Closed lowlighter closed 8 months ago
I think it would be great if you were able to enable parallel tests in this PR!
I suspect the issue is that --parallel
runs tests in different processes. You'd somehow need to create a file lock to tell other processes to "just wait until the binary is downloaded".
More hanging tests, unfortunate.
I think I understand what's happening, it's not possible to enable parallel currently because all the tests spawn the browsers on same port 9222, so all the tests conflicts together 😅
Oh that's definitely possible, let me see if I can make a PR that dynamically adapts the port.
Oh that's definitely possible, let me see if I can make a PR that dynamically adapts the port.
I think the way to do is it to let chrome choose the remote debugging port automatically, that's how puppeteer does it: https://github.com/puppeteer/puppeteer/blob/1a734257f203c5f73744a9f06a1d590aff9f8ac8/packages/browsers/src/launch.ts#L140C21-L140C21
export const CDP_WEBSOCKET_ENDPOINT_REGEX =
/^DevTools listening on (ws:\/\/.*)$/;
I think the way to do is it to let chrome choose the remote debugging port automatically
I did this originally, but the issue is that firefox's debug protocol prints a different message. Technically, there are other issues with FF support atm so maybe we just don't care about that for now and come back to it later. FF should be in 0.4.0 if all goes well.

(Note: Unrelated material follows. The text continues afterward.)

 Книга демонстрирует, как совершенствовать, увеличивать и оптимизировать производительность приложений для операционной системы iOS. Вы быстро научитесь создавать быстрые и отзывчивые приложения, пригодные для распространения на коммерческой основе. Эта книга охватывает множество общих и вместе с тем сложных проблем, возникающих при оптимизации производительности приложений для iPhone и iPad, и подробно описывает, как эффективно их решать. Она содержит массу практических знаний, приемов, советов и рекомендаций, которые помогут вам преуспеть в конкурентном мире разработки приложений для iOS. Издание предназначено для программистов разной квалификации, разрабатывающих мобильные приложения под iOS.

Maybe it doesn't? I don't remember why I stopped doing that. Weird. I'll just do that. Give me ~5 minutes.
Still working on it. Turns out this is a slightly bigger refactor than I would have expected 😅
@lowlighter merged my PR. Could you try to update your branch?
@lowlighter merged my PR. Could you try to update your branch?

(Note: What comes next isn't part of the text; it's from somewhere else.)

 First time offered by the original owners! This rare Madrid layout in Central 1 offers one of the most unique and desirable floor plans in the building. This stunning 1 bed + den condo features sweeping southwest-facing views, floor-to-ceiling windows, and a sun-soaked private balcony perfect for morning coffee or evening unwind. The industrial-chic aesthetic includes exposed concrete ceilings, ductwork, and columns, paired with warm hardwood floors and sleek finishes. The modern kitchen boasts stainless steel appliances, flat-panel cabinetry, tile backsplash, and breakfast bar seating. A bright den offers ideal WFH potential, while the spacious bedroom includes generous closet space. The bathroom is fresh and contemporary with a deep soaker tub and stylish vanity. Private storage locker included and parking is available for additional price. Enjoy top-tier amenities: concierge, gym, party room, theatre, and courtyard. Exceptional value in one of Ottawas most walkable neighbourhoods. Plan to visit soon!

I'll rebase it 👍 Still making some changes on it
It seems to works on Linux now (don't know for mac os since it gets canceled before the result) Still needs to check for windows, not sure why the executable isn't able to boot somewhere along the tests
not sure why the executable isn't able to boot somewhere along the tests
This usually means that there was an error running the executable and it usually prints out a log. No idea why there isn't a log or why it's failing to boot. Strange. I can test your branch on MacOS right now.
All tests pass on my Mac.
It seems I can reproduce on Windows, not sure if it's separate errors, but it may be possible that when spawning the browser there is an exclusive lock that get attached to the DLL so it's not possible to create another instance of it ?
Wait for selector => ./tests/wait_test.ts:5:6
error: Error: The process cannot access the file because it is being used by another process. (os error 32): open '******\.astral\118.0.5943.0\chrome-win64\chrome.dll'
const file = await Deno.open(path, {
^
at async Object.open (ext:deno_fs/30_fs.js:574:15)
at async decompressArchive (file:///******/astral/src/cache.ts:111:20)
at async _getBinary (file:///******/astral/src/cache.ts:238:5)
at async launch (file:///******/astral/src/browser.ts:166:12)
at async file:///******/astral/tests/wait_test.ts:7:19
Wait for function => ./tests/wait_test.ts:20:6
error: Error: Your binary refused to boot
throw new Error("Your binary refused to boot");
^
at runCommand (file:///******/astral/src/browser.ts:50:11)
at eventLoopTick (ext:core/01_core.js:183:11)
at async launch (file:///******/astral/src/browser.ts:220:33)
at async file:///******/astral/tests/wait_test.ts:22:19
I think I'll check later, thanks for helping and for implementing #26
Sounds good. Let me know if you want me to investigate further (though I'd have to obtain a windows computer!).
I have experimented some last stuff before sleeping, ssems that on Windows for some reason the exit code 21 gets triggered when ran in parallel really quickly
It seems to be a "NETWORK_CHANGED" error:
https://source.chromium.org/chromium/chromium/src/+/main:net/base/net_error_list.h;l=90-91
I wonder if it's because there is special handling for the bindings that occurs on windows to reuse the same process 🤔 ?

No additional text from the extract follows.